East End (principios siglo XX) © Jewish Museum of London

El conglomerado de viviendas y callejuelas que explora este documental no es un lugar cualquiera. Es el East End de Londres. Formado por los núcleos de Stepney, Whitechapel y otros barrios, fue hasta mediados del siglo XX la zona más pobre y miserable de la capital inglesa. Fue el barrio de trabajadores por excelencia y cuna de las luchas obreras del XIX, y el lugar donde se concentró la emigración. En el siglo XVII los hugonotes, los protestantes franceses que habían huido de la persecución, la inmigración irlandesa durante el siglo XVIII; y a finales del XIX la que acabaría dando una imagen característica del barrio con la llegada de los judíos askenazíes, que huían de los pogromos y las matanzas del este de Europa. Para hacerse una idea de las condiciones de vida de la comunidad judía durante la década de 1920, resulta del todo imprescindible la lectura de la crónica El judío errante ya ha llegado, de Albert Londres (Barcelona: Melusina, 2011). Miles y miles de personas hacinadas a lo largo de varias décadas en tugurios infames, sin condiciones higiénicas ni humanas.
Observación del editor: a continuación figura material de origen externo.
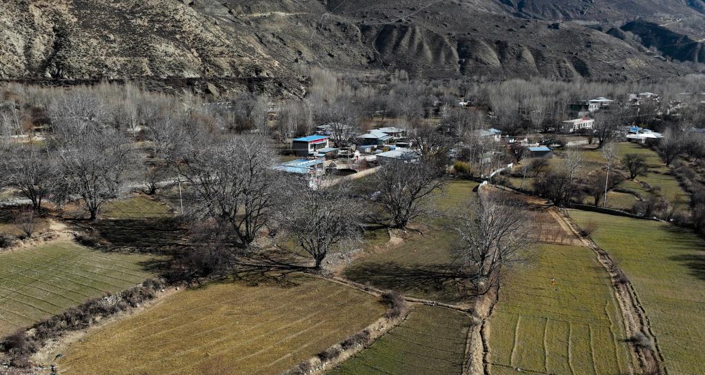 核桃樹環抱的山南市加查縣拉崗村(2月1日攝 無人機照片)。新華社記者晉美多吉 攝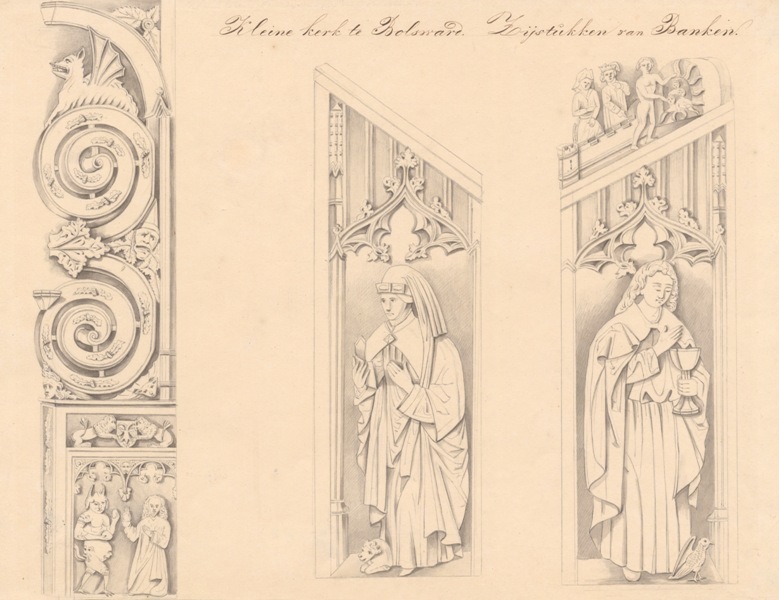 Gezicht op de zijstukken van banken in de Kleine of Broerekerk te Bolsward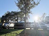Five centennial trees have been planted at Central Park. Each is marked with a plaque.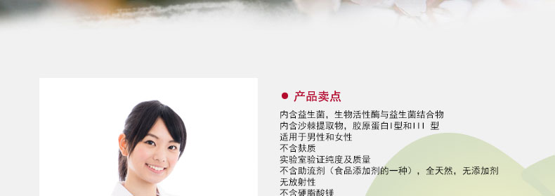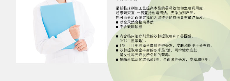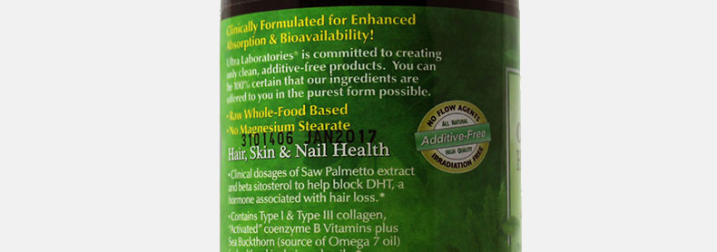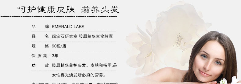 | 產品說明 | Emerald Labs 綠寶石研究室 膠原精華素食膠囊 呵護健康皮膚 滋養頭發(90粒/瓶) —— 1.沙棘提取物含豐富的歐米茄7油,呵護健康皮膚,是女性容光煥發所必須的營養。 2.輔酶形式活化維他命B類,全面滋養頭發,皮膚和指甲。 3.內含臨床治療劑量的沙棘提取物和β谷固醇,可雙重阻斷與脫發密切相關的激素DHT(二氫睪酮)。 4.以全天然食物為基質。 5.不含硬脂酸鎂。 | |||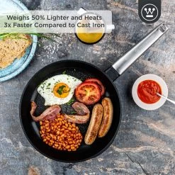 De Westinghouse Performance pannen zijn gemaakt van gegoten aluminium, waardoor ze veel lichter zijn dan de pannen van gietijzer. Hierdoor worden deze pannen drie keer zo snel warm als gietijzeren pannen en zijn ze veel makkelijker te verplaatsen van kast naar fornuis. Daarnaast zijn de pannen geschikt voor alle fornuizen en ovens!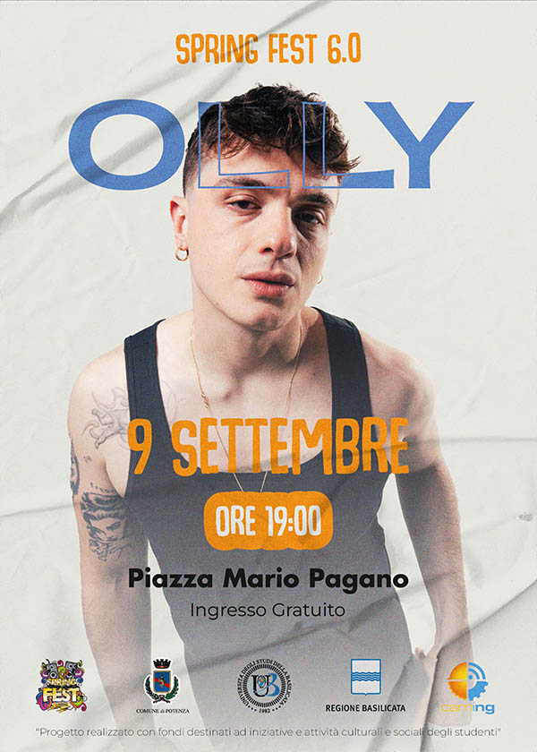 L’Associazione Culturale Universitaria “CAMING” è lieta di invitare i cittadini al concerto conclusivo del progetto “Spring Fest 6.0” che si terrà in data 9 Settembre 2023 dalle ore 19:00 presso Piazza Mario Pagano, il cui assoluto protagonista sarà il cantante OLLY.

La mejora de las condiciones sociales tras la guerra, permitió el desplazamiento de la población judía hacia otras zonas, básicamente hacia Stamford Hill. Ahora el mayor porcentaje de emigrantes es de origen bengalí.

Petticoat Lane Market

El documental nos muestra sólo una parte muy parcial de lo que fue el East End. Los cambios urbanísticos que empezaban entonces se vieron acelerados después de la Segunda Guerra Mundial cuando las bombas alemanas destruyeron buena parte del barrio y permitió una reforma integral. Pero si cerramos los ojos podemos imaginarnos la miseria y la prostitución, los delincuentes y los niños de Charles Dickens, el ambiente de algunas de las aventuras de Sherlock Holmes y, evidentemente, el escenario de Jack, el Destripador. Pero es también el barrio luminoso del monumental teatro yídish y del music hall.

Sobre el East End, el actor Jacob Adler escribió: "Cuanto más penetramos en Whitechapel, más se hunde nuestro corazón. ¿Se trata de Londres? Nunca en Rusia, ni en el peor de los tugurios de Nueva York, se puede ver tanta pobreza como en el Londres de la década de 1880".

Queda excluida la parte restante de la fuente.